- Task
In the listing below, a line holding "2年生教室から戻ると、先日、" and a line holding "दिनांक 18 अगस्त 2023 का पंचांग" mark the range. Retype both exactly, with all lines between them.

- Material provided
--------------------------------

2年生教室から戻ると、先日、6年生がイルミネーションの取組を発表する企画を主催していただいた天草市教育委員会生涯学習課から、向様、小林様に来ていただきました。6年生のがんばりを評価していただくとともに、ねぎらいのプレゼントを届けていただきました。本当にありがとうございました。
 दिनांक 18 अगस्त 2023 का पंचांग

--------------------------------

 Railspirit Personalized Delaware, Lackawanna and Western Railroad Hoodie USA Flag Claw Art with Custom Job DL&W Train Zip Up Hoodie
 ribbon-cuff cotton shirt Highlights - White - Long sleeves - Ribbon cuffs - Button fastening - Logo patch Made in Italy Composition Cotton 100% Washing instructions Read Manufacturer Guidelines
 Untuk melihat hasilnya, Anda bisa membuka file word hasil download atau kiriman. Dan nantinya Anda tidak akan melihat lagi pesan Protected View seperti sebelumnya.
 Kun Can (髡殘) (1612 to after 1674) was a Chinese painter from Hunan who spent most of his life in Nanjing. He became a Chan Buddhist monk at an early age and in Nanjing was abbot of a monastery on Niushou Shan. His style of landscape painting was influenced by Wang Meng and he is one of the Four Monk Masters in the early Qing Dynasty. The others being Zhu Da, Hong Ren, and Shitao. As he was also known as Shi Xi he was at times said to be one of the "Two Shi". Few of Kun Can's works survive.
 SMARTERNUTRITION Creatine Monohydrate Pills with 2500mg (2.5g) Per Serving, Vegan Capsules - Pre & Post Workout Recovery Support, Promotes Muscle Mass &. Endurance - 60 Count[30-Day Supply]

--------------------------------

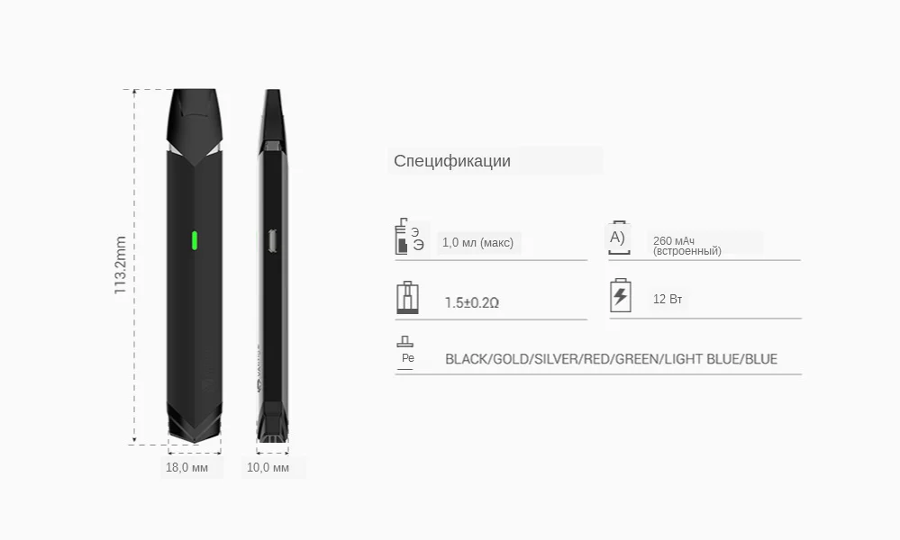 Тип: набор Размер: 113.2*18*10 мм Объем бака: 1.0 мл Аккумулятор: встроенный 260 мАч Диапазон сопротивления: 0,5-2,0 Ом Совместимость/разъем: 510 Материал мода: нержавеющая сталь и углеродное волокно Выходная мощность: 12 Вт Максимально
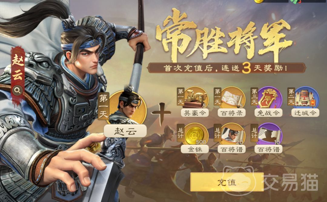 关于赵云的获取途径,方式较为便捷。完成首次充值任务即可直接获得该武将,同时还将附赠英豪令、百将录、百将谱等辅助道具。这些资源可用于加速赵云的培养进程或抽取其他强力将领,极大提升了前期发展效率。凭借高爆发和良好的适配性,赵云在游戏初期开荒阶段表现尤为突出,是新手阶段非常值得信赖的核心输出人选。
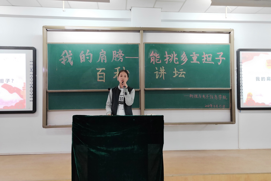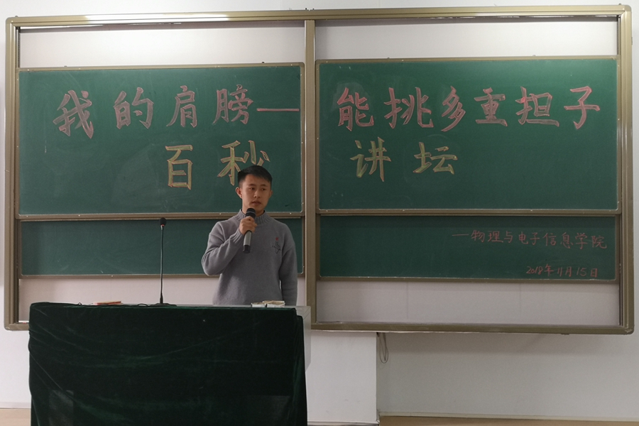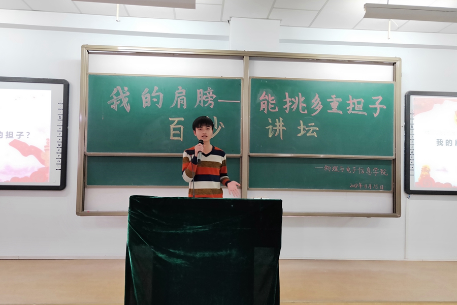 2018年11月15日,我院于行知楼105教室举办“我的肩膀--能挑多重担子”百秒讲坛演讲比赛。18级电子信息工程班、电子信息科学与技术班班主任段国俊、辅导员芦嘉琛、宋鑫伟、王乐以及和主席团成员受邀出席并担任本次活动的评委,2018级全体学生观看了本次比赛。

--------------------------------

- Your solution
2年生教室から戻ると、先日、6年生がイルミネーションの取組を発表する企画を主催していただいた天草市教育委員会生涯学習課から、向様、小林様に来ていただきました。6年生のがんばりを評価していただくとともに、ねぎらいのプレゼントを届けていただきました。本当にありがとうございました。
 दिनांक 18 अगस्त 2023 का पंचांग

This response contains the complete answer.